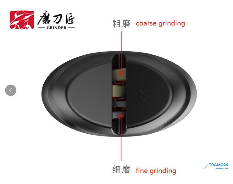 особенность - двойная система заточки, резиновые ножки;
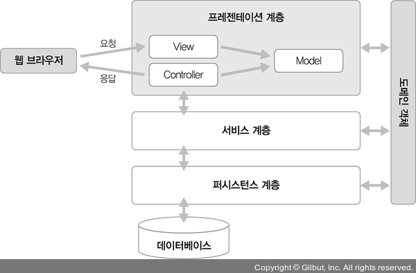 도메인 객체 -> 퍼시스턴스 계층 -> 서비스계층 -> 프레젠테이션 계층(컨트롤러-> 뷰)
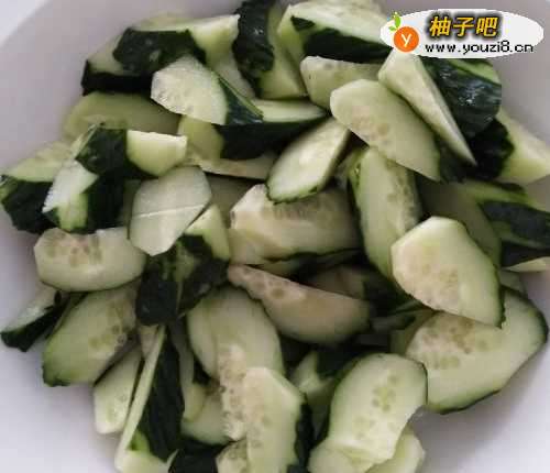 3第三步:然后将一勺白糖撒到青瓜上面,如下图所示。
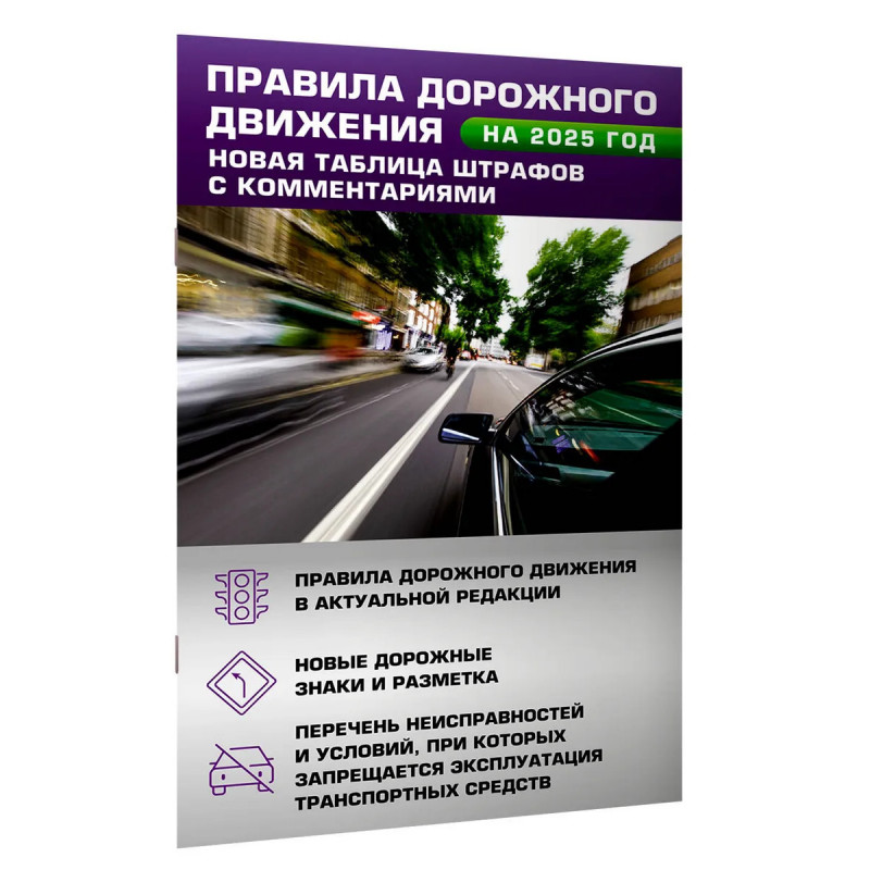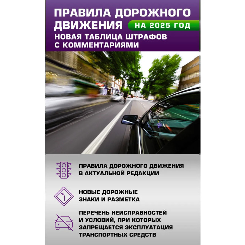 Издание содержит официальный текст Правил дорожного движения со всеми последними изменениями и дополнениями на 2025 год, включая новый перечень неисправностей и условий, при которых запрещается эксплуатация транспортных средств, а также удобную таблицу административных штрафов, предусмотренных за нарушение Правил дорожного движения. В цветной вкладке наглядно представлены все действующие дорожные знаки и разметка. Такая книга обязательно нужна в машине и начинающему, и опытному водителю. Издание учитывает все изменения, опубликованные в официальных источниках на момент подписания издания в печать.
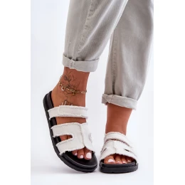 Damskie Klapki Materiałowe Na Rzep Białe Lamirose

--

# Activity
Print, exactly as written, the lines above from the first one to the one containing "3第三步:然后将一勺白糖撒到青瓜上面,如下图所示。". Leave out pictures.

# Answer to the exercise
 особенность - двойная система заточки, резиновые ножки;
 도메인 객체 -> 퍼시스턴스 계층 -> 서비스계층 -> 프레젠테이션 계층(컨트롤러-> 뷰)
 3第三步:然后将一勺白糖撒到青瓜上面,如下图所示。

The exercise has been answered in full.